Летом 1942 года где-то в окрестностях Белграда исчез Филипп. В то лето он часто отправлялся с мешком за плечами в Рипань и другие близлежащие села "раздобывать продукты". Однажды он не вернулся. Дорош сообщил об этом в полицию. Сразу же явились два жандарма и агент тайной полиции и перетряхнули весь дом. "Знаем мы, каковы на вкус эти продукты и что это за исчезновения!" Дом вообще, мол, у них на примете, и отец с матерью еще ответят за своего сынка, которого полиция выкопает хоть из-под земли. Мария невозмутимо отвечала, что у ее сына все документы в порядке и, вероятно, с ним что-то произошло, поэтому она будет очень благодарна полиции, если ей удастся что-нибудь о нем разузнать.
Полиция произвела повторный обыск. На этот раз нагрянула в два часа ночи, перерыла все, и снова безрезультатно. Подсылали к ним и провокатора с "поручениями от Филиппа", но он был встречен соответствующим образом. Дело как будто заглохло.
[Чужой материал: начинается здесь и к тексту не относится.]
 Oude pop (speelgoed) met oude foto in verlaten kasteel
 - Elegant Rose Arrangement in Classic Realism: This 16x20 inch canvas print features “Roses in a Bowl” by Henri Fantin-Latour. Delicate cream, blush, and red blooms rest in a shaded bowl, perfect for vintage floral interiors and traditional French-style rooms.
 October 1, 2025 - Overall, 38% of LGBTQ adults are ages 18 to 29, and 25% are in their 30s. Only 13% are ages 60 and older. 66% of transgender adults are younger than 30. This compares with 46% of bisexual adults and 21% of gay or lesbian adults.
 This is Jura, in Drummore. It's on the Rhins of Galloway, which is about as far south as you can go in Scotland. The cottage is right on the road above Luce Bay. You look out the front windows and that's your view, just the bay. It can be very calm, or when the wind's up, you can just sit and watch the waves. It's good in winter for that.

Заяц никогда не расспрашивал о том, что действительно произошло с Филиппом, куда он исчез. Мария ему ничего не говорила, а дети жили по-прежнему, только друзья стали теперь приходить заметно реже и со всеми мерами предосторожности. Они по-прежнему слушали вместе передачи "Свободной Югославии", и Заяц продолжал оказывать детям мелкие услуги, по теперь документы изготовлялись не у Дорошей, а в летнем деревянном домике на Деспотовацской улице, где жила престарелая, одинокая женщина, по виду работница, настоящего хозяина дома Заяц не знал.
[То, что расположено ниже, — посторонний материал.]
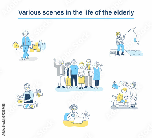 people, illustration, set, variation, pursuit, plural, smile, white background, couple, aged, aged, woman, man, health, positive, second life, elderly, lively, lifestyle, fun, leisure, flower, set, dish, cooking, kitchen, gardening, garden, gardening, fishing, fishing, walk, exercise, walking, jog, 60's, notebook
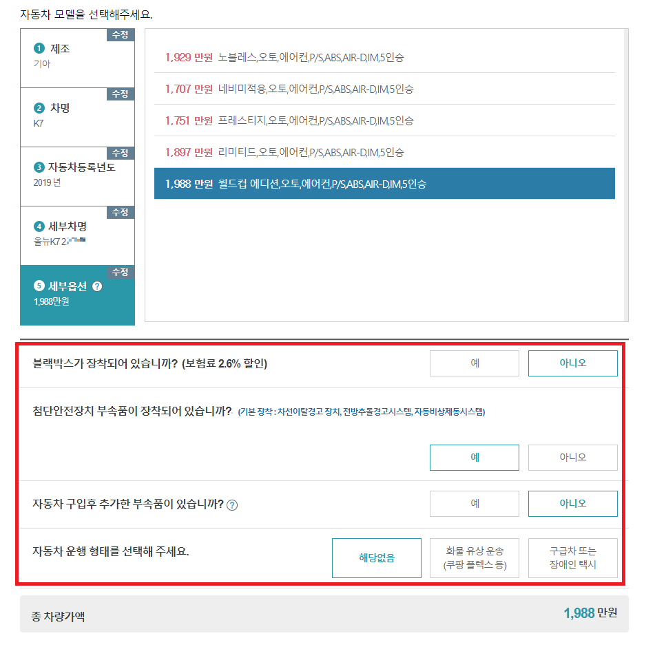 내 자동차 모델에 맞게 선택하시면 차량가액이 산출됩니다. 이후 블랙박스 장착여부, 추가 부속품 장착 여부를 읽어보시고 해당 사항이 있으시다면 체크해주세요.
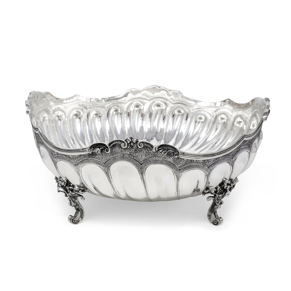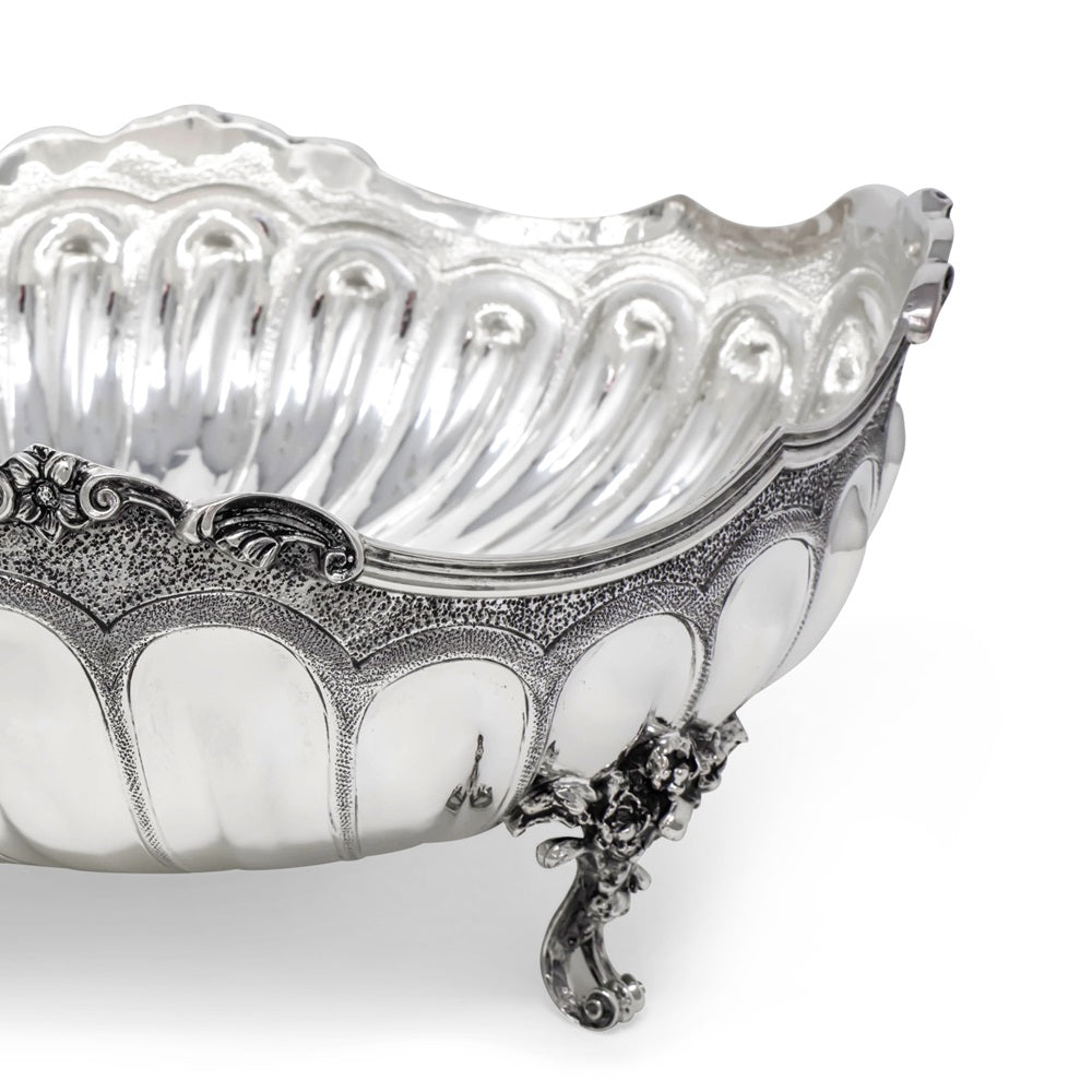 Jatte della collezione Prestigio Argenti, realizzata in Argento 800 con decoro barocco e bordo e piedini in fusione.

С улицы Толстого в этот домик можно было пробраться совершенно незамеченным через два соседних виноградника и неприметные проемы в оградах.
Вторым таким местом был дом отчима Запасного на Чукарице, но туда Зайца посылали редко, при этом он в дом никогда не заходил, а передавал или принимал что надо в мастерской жестянщика.
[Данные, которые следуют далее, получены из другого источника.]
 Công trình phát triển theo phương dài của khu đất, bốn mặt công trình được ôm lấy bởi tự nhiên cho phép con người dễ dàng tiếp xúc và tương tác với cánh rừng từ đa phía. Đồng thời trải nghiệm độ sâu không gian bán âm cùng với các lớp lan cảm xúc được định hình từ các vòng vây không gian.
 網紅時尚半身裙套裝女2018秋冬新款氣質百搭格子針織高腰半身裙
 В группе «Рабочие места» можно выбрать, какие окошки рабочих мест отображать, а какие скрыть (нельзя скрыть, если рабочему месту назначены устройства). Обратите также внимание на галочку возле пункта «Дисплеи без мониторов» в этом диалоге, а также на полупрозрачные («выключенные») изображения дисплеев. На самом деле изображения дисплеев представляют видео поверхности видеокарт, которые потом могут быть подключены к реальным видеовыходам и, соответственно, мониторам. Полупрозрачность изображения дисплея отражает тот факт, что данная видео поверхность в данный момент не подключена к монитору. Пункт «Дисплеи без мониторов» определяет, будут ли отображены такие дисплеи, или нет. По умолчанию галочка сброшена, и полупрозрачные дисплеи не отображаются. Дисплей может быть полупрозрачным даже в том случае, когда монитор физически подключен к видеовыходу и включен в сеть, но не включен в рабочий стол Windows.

Об остальных явках Заяц знал лишь понаслышке одна находилась на Герцеговинской улице, в дровяном складе на самом берегу Савы. С ней поддерживалась связь только через Вуле (неизвестно, было ли это его имя или прозвище); Вуле светловолосый, пышущий здоровьем, краснощекий парень откуда-то из-под Ужице, вечно улыбающийся, порывистый в словах и движениях. На улице Толстого он появлялся редко. Заяц чувствовал к нему симпатию, смешанную со страхом, и каждый раз, глядя на Вуле, думал, что это один из тех, кто по пощадит, если потребуется, ни себя, ни других.
Так дом на улице Толстого был "разгружен" и забыт, как казалось Зайцу, полицией на целый год. Но уже в конце его, в ноябре, семью инженера и Зайца постиг тяжелый удар.
Однажды утром Зайцу позвонила маленькая Даница и, сказав, что она говорит от соседей, попросила его тотчас же подняться к ним. Чувствуя недоброе, он бросился на улицу Толстого и застал всю семью в смятении. Даница первая обрела дар речи и сказала: "Ночью взяли Елицу".
Заяц мгновенно осознал весь ужас и значение этих слов. А вслед за тем ощутил пустоту внутри себя и вокруг, словно остановились и время, и воздух, и кровь в жилах и замерли звуки. Только огромным усилием воли он заставил себя вернуться к действительности и снова слышать и понимать.
В три часа ночи в дом пришли трое немцев и с ними агент тайной полиции; произвели обыск и велели Елице одеться. Перерезали телефонный провод, унесли с собой аппарат, а также радиоприемник с мансарды. На этот раз они вели себя несколько вежливее, чем при первом обыске, и разрешили Елице взять с собой узелок с провизией и бельем.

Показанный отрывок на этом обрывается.